第67章67。眼泪若嫌多
最狭窄的地方也被撑开了。
身体紧紧地嵌合在一起。
陆茫无法形容那种感觉,他的所有理智以及正常的思考能力、感知能力和语言能力都被碾碎,在结合热那股骇人的温度下融化成乱七八糟的一团。
不断胀大的地方最终卡死在深处。
“呃,啊、傅存远。”
陆茫用力攀着那人的肩背,小声地、崩溃地叫着。
被叫到名字的人喘息粗重得宛如野兽在低吼。
终身标记在宣泄中慢慢刻印到陆茫的身体里,每一秒都被无限拉长了,在这漫长到仿佛没有尽头的片刻里,世界上所有最美好的东西都向傅存远涌来,快感奔腾狂啸着几乎撕碎了他的每一根神经,令他除了此刻的欢愉,再没有别的心力去感知任何别的东西。

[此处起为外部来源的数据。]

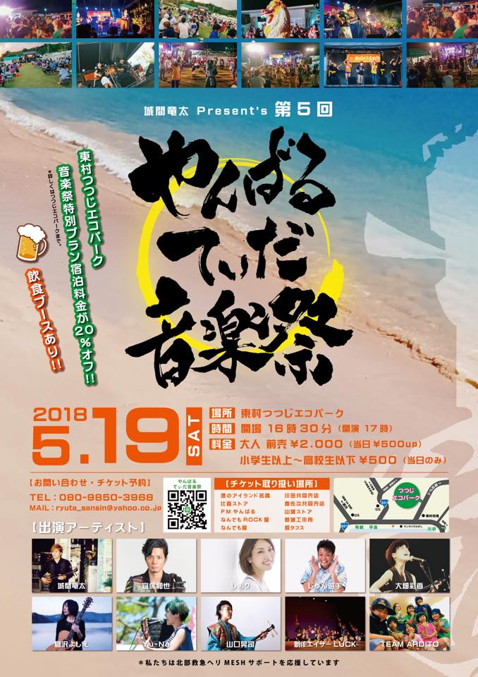 5月19日(土)、東村にあるつつじエコパークにて「第5回やんばるてぃだ音楽祭」が開催される。

即便如此,他都开始像是无法负荷这么强烈的快感似的,整个人不受控制地颤抖。
他这辈子都不可能忘掉这一刻。
从今往后,他才是陆茫唯一的伴侣和爱人。
在这近乎亲密无间的距离里,薄荷跟青草的味道交融,不分彼此。
不知过了多久,那种如同登临极乐般的欢愉终于开始慢慢消退,傅存远的大脑逐渐恢复思考的能力,他单手绕过陆茫的后背,把人圈进怀里,额头抵着陆茫额头,用鼻尖蹭蹭对方的鼻梁,又用唇吻掉了陆茫眼尾的泪水。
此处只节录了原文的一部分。